月夜裏 野々香 小説の部屋

    

仮想戦記 『国防戦記』

 

 

 第20話 1961年 『動かざること・・・』

 01月20日 ケネディ大統領就任演説

 “強大な2つの陣営は、現状路線を進む限り安心できない”

 “現代兵器の膨大な費用に苦しみ”

 “原子の火が死の恐怖を着実に拡散させてバランスを崩し”

 “人々は、人類最終戦争を押し止めようと争っているのである”

 “我々 両陣営は、新たな関係を構築しなければならない”

 “礼儀正しい交渉は、弱さではなく、誠実は、常に証明しなければならない”

 “恐怖を交渉の材料にすべきではなく”

 “恐怖のために交渉するのではない・・・”

 “専制、貧困、疫病、戦争など、人類の共通の敵に対し”

 “世界的な同盟を結び闘えないものだろうか”

 “アメリカ人よ。
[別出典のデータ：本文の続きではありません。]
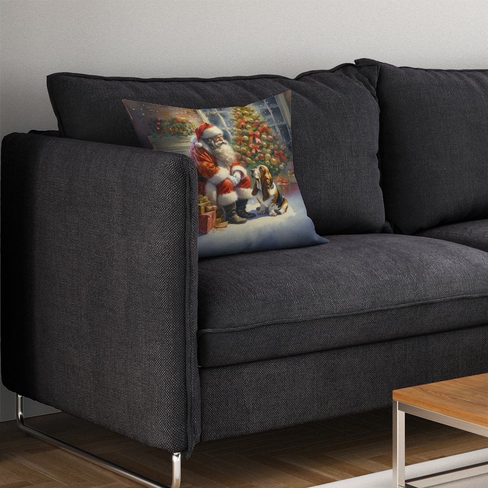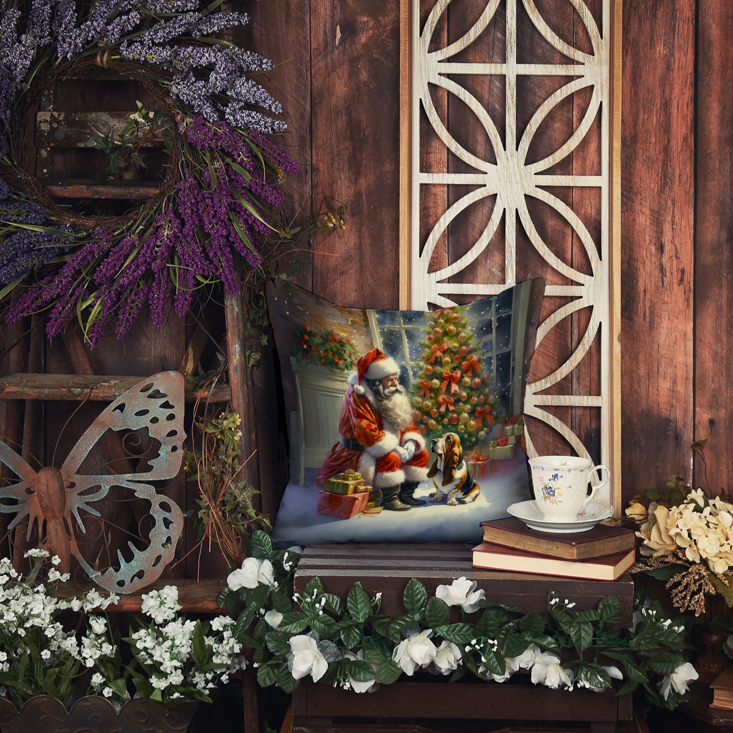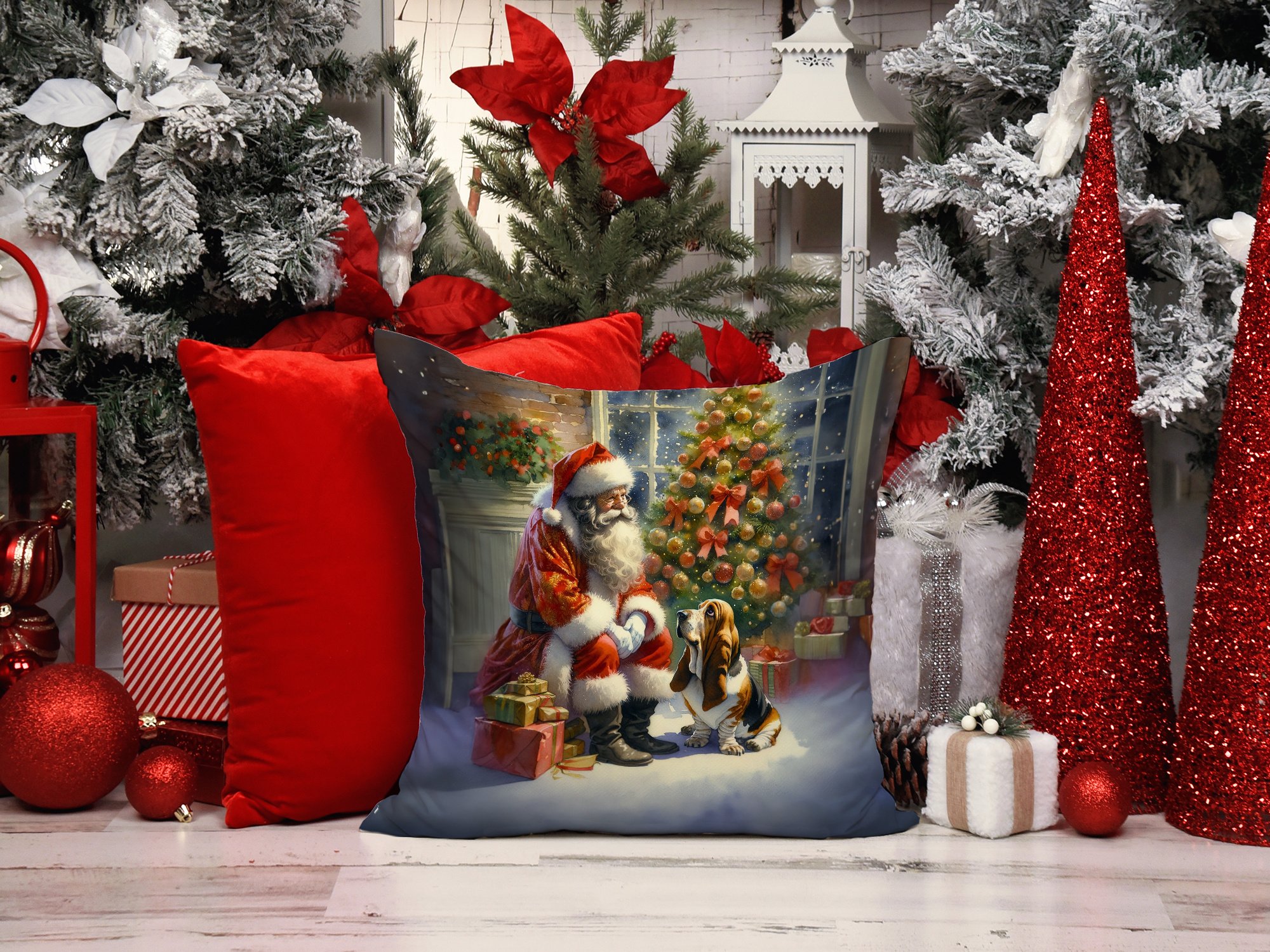 Basset Hound and Santa Claus Throw Pillow Machine Washable, Indoor Outdoor Decorative Pillow for Couch, Bed or Patio, 14Hx14W

国家が何をしてくれるかではなく”

 “あなたが国家のため、何をできるか、問おうではないか”

 “世界の市民よ。アメリカが何をしてくれるかではなく”

 “我々と共に人類の自由のため、何ができるか、問おうではないか・・”

 ワシントンDCからポトマック川を渡ると、

 バージニア州アーリントン国立墓地が存在する。

 日本人とロシア人が墓地の中をなんとなく歩いていた。

 なぜここなのか、というと、

 霊前を歩く人間を証拠もなく、不用意に詰問したりしない。

 見晴らしが良く、盗聴されているような兆候があれば、すぐわかる。

 読唇術ができる人間がいると微妙でも、注意して話せば、わかり難い。

 「・・・ケネディ大統領は、どうするつもりだろうか?」 ロシア人が鼻歌混じりに面白がる。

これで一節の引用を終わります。